Trump’s win has loosed some familiar, old demons. If the news is not all bad, it’s not all good, either. For anyone, including Barbadians. Because our anxieties look much like theirs, and in the story collection Heather has been revising while in Vermont, the parallels are ever present.

Noted Caribbean writer John Wickham often suggested that art makes a people free, but what makes them independent? Where’s our choice? Our pride? Put another way, what does our literature, visual arts, philosophy, history, and aesthetics tell us about ourselves that no one else’s can? It’s not too much to ask that our tax dollars pay for more than roads, clean water, garbage collection, and health care.

Yet another colleague and friend wants to write about what happened in the US happening in Barbados. She was so excited at the possibilities, ready to push out that novel the day after the elections. Who would be our populist hero? What would that national campaign look like? How would it triumph?

At the end of the day, even in a protest vote, a vote against one candidate is still a vote for the other. We need to think deeply about our position. We need to be vigilant, too.

My cobbler is right, though. Trump has been and still is a distraction to the world—entertainment, sport. A way for many of us to avoid answering our own tough questions at home. Glossy idealizations about our own people are hobbling our progress.
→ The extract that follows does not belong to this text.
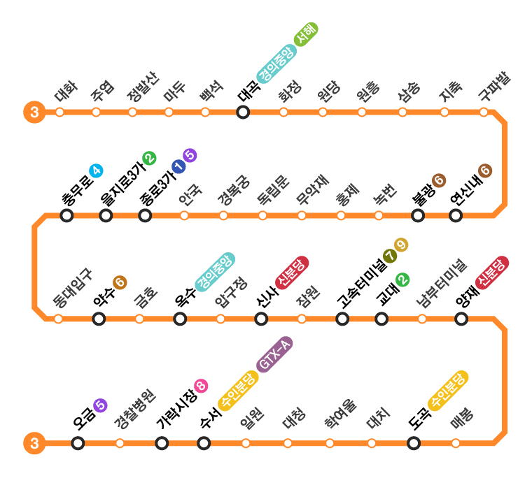 경기도 고양시 일산서구 대화역부터 서울특별시 송파구 오금역까지 연결된 수도권 전철 노선으로, 서울 지하철 3호선과 일산선이 하나로 이어진 형태입니다. 노선 색은 주황색이며, 이는 평화를 상징하죠. 이 노선은 수도권 전철 경의·중앙선과 함께 고양시와 서울을 연결하는 몇 안 되는 지하철 노선 중 하나입니다.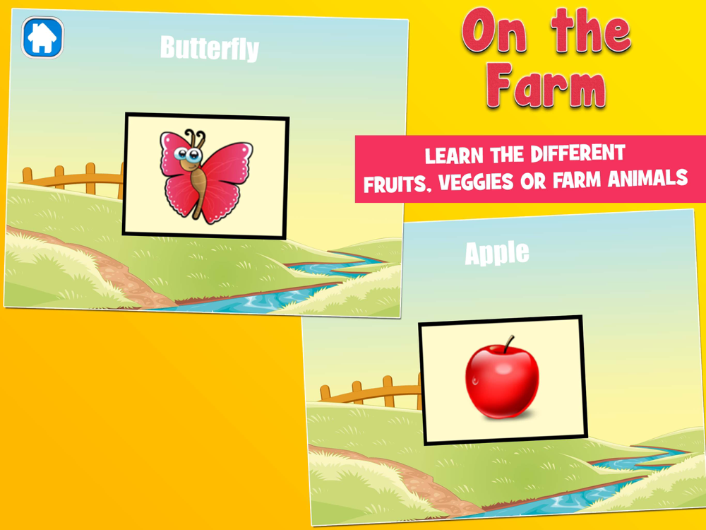 app will help them recognize and be familiar with the different farm animals, fruits and vegetables we can find in a farm.

He’d prefer if this were an occasion to see about what we need to get right in our country rather than an opportunity to feel superior because of everything the Americans "clearly" got wrong.

From where my cobbler stands over his anvil on the outskirts of Bridgetown, hammer in hand, nails tucked between pursed lips, every country has a myth about itself in which its self-regard is aggrandizing. Barbados is no different. I would add that every country must have one to survive, to legitimize its pursuits, to distinguish itself, and give its people a sense of identity and purpose.

We are who and what we are. But I hope we all still have the ability to change. For the better.

Doing better, of course, for ourselves or others, doesn’t mean always getting what we want or doing what we want. It is strange to match this thinking against the rise and rise of the cult of Trump, and its gathering hordes. It is stranger still to watch it unfold at this time in Barbados, as our country contemplates its next half century and beyond engaged in its own process of independence.

How will we all, not just our pundits or journalists, our artists or academics, continue to respond to what is happening in our world, meaning also those parts of it we just don’t happen to occupy? What truths will we need to rediscover about ourselves, what trusts reaffirmed, to make us believe we can all get along, feel whole again and unafraid, safe in our sleep, in the coming weeks and months?

I'm watching to see, vigilant and expectant.